The coming weeks will almost certainly see the coronation of a record 19th league title for Manchester United, one more than Liverpool, when, 20 years ago, it was 18-7 in favour of the Anfield club. After that, there is the prospect of emulating Busby by winning the European Cup at Wembley.

Yet Ferguson, at the age of 69, still gives the impression that he is greedy for more. He laces his press conferences before these big European nights with the odd joke, tries out his languages — “Ich kenne nicht”, he replied when a German journalist asked if Schalke’s goalkeeper, Manuel Neuer, might be heading to Old Trafford — and generally has the demeanour of someone arriving for a family barbecue rather than contemplating one of the major moments of his professional life.

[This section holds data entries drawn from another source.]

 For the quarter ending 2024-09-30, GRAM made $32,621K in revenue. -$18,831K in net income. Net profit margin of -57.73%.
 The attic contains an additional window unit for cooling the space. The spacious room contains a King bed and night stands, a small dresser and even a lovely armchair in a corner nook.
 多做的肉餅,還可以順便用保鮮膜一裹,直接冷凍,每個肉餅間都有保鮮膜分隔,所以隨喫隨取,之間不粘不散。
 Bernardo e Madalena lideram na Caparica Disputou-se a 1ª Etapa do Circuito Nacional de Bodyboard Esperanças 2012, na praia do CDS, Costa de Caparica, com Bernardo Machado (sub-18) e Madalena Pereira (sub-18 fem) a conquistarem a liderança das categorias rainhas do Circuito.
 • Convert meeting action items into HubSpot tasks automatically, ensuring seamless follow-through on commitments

There is, however, always a serious message there too and on this occasion there was the sense of a man who still regards his work as far from done when it comes to history-making and the position in which he wants to leave United when the day finally arrives for him to walk away.
He was “envious”, he admitted, when he considered Real Madrid’s record of nine European Cups and the way that other clubs, Liverpool included, had such a headstart on United in terms of creating a European dynasty.

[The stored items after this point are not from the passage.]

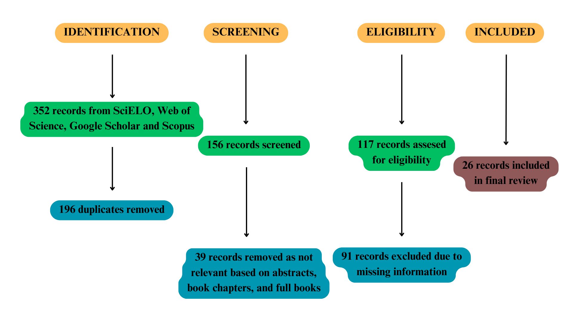 Each database was examined independently. In SciELO, 78 articles were found, of which 35 were included after applying the screening criteria. From Web of Science, 90 articles were retrieved, with 42 selected for final analysis. Google Scholar initially returned 150 articles, of which 60 were deemed relevant after screening. Finally, Scopus identified 34 articles, with 19 included after final screening (Figure 1). In total, 26 articles were included in the review after removing duplicates and applying inclusion/exclusion criteria. The variables analyzed in the selected studies include author(s), year, title, journal, and biome (Table 1).
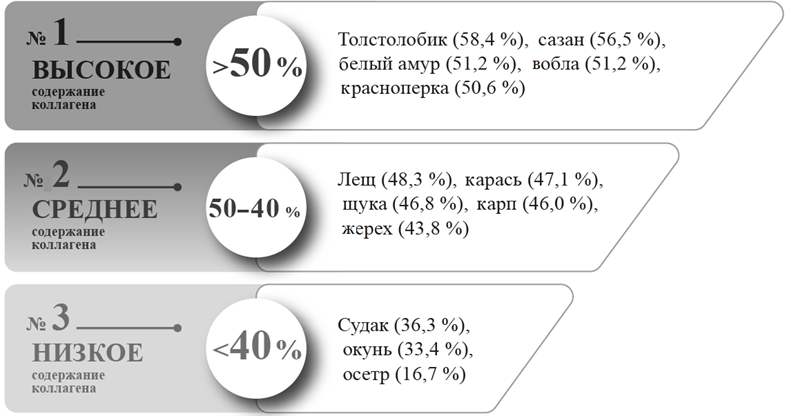 Таким образом, на основании исследований состава чешуи рыб предоставляется возможным провести ее классификацию по содержанию коллагена и условно разделить на 3 группы (рис.).
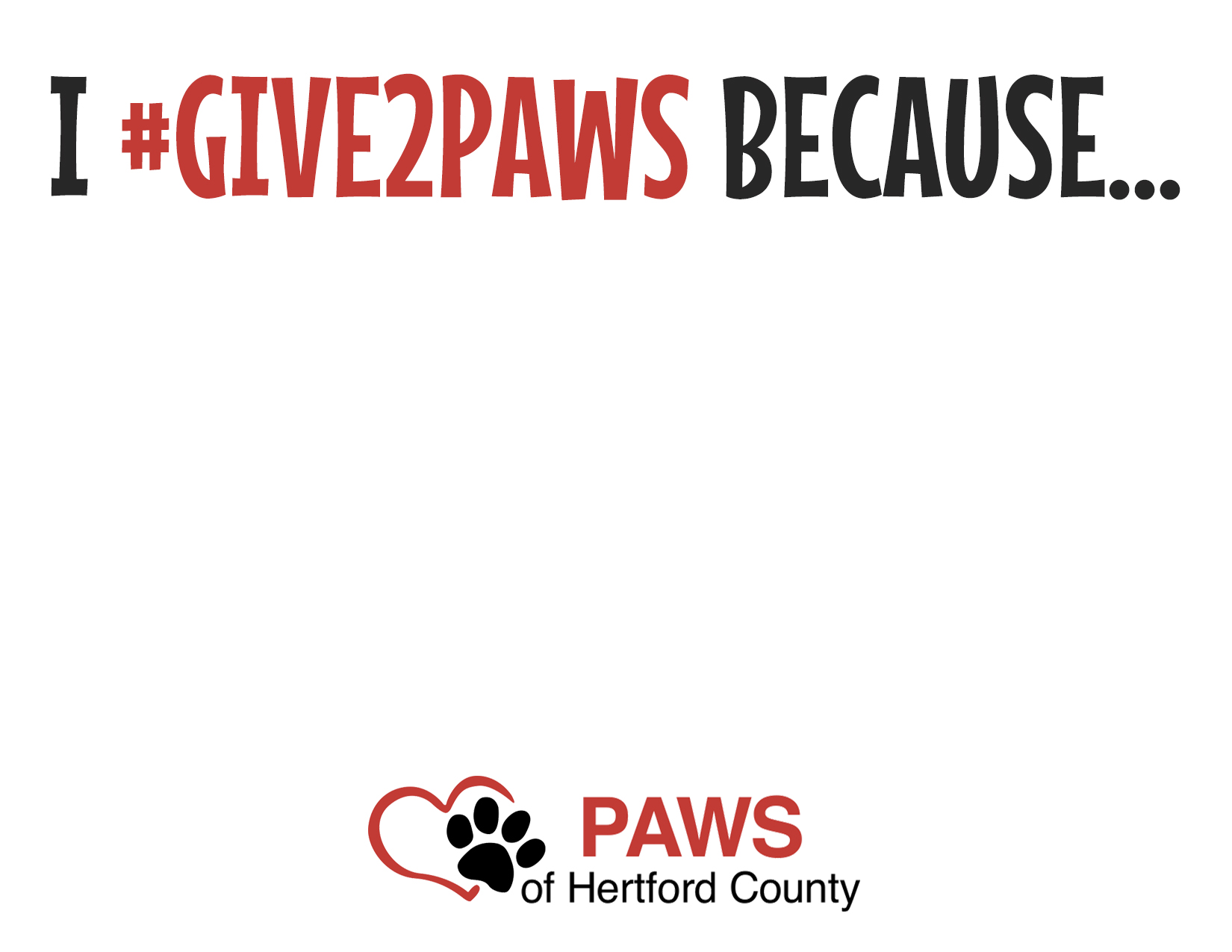 | Want to share why you Give2PAWS? Download our sign here and share on social media! If you use the #Give2PAWS hashtag, we may share it. |
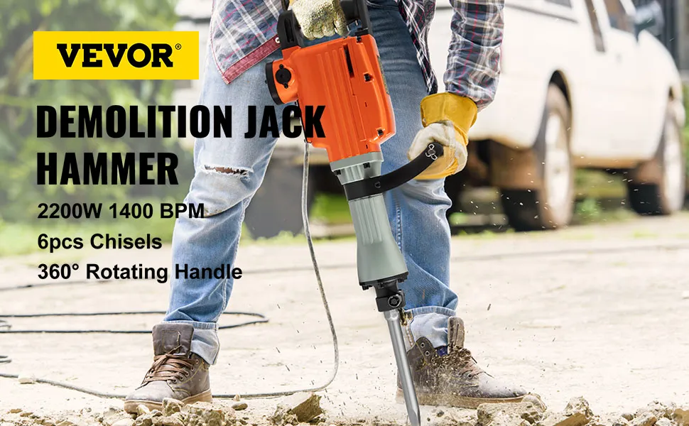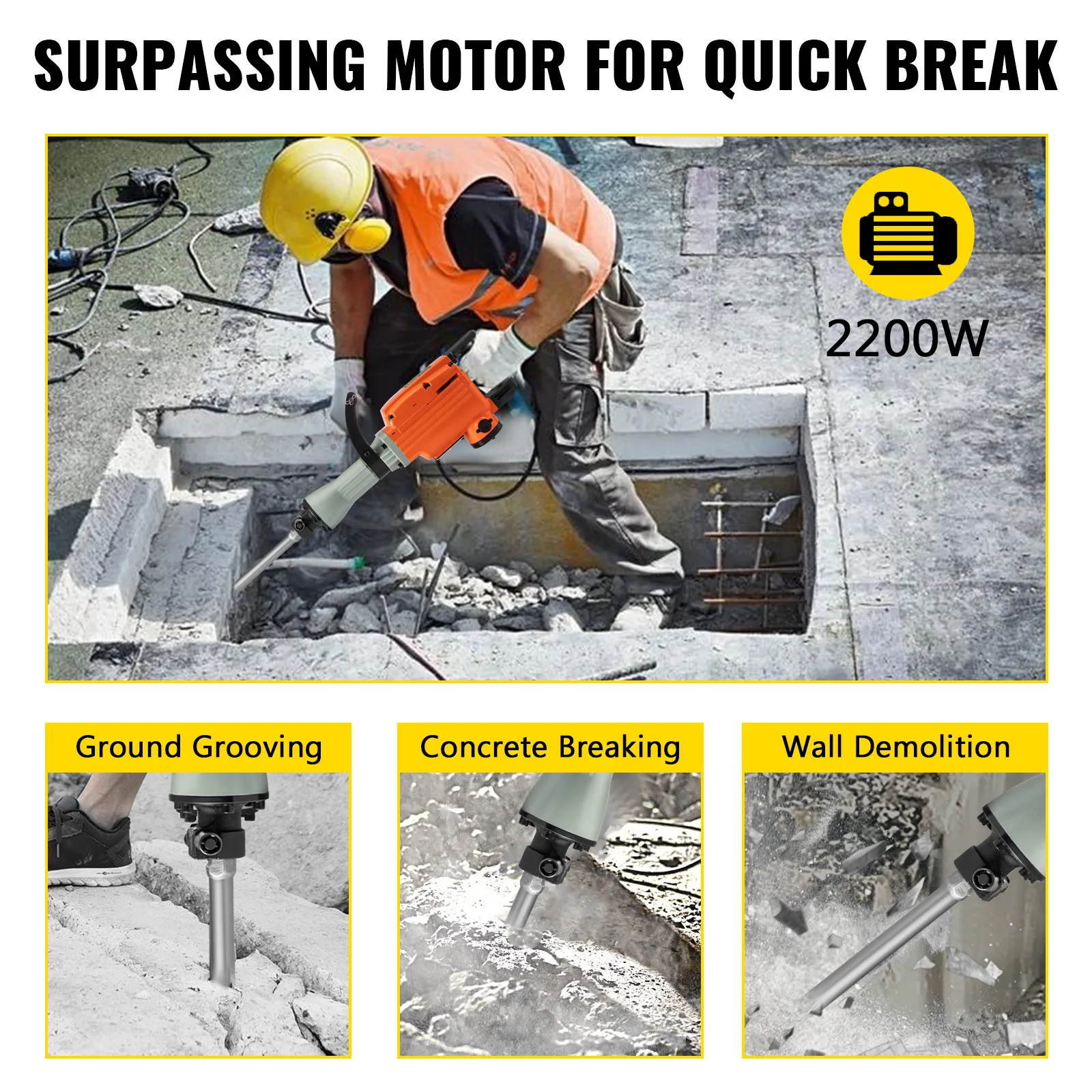 Vevor 2200w Martillo Demoledor 1400 Bpm Martillo De Demolición 6 Cinceles

“We really need to progress quickly to get to that level,” Ferguson said. “The expectation from my point of view has always been very high in Europe because you do get envious of the other great teams — Real Madrid, Milan, Bayern Munich, Liverpool, Ajax. We are looking to get parity with those clubs. It is where we should be.”

His team are trying to draw level with Bayern and Ajax by winning the trophy he cherishes most of all for a fourth time. Milan have managed it seven times and Liverpool five. Simultaneously, Ferguson is aiming to stand shoulder to shoulder alongside the late Bob Paisley (1977, 1978 and 1981) as the only men on the planet who have won the European Cup three times.

‘Football, bloody hell’
Ferguson has already got rid of the banner the Liverpool supporters used to hold up on the Kop: “Paisley 3, Ferguson 1”. There was a time, the Scot will admit, when he felt he could not be considered a great manager until he had won the European Cup.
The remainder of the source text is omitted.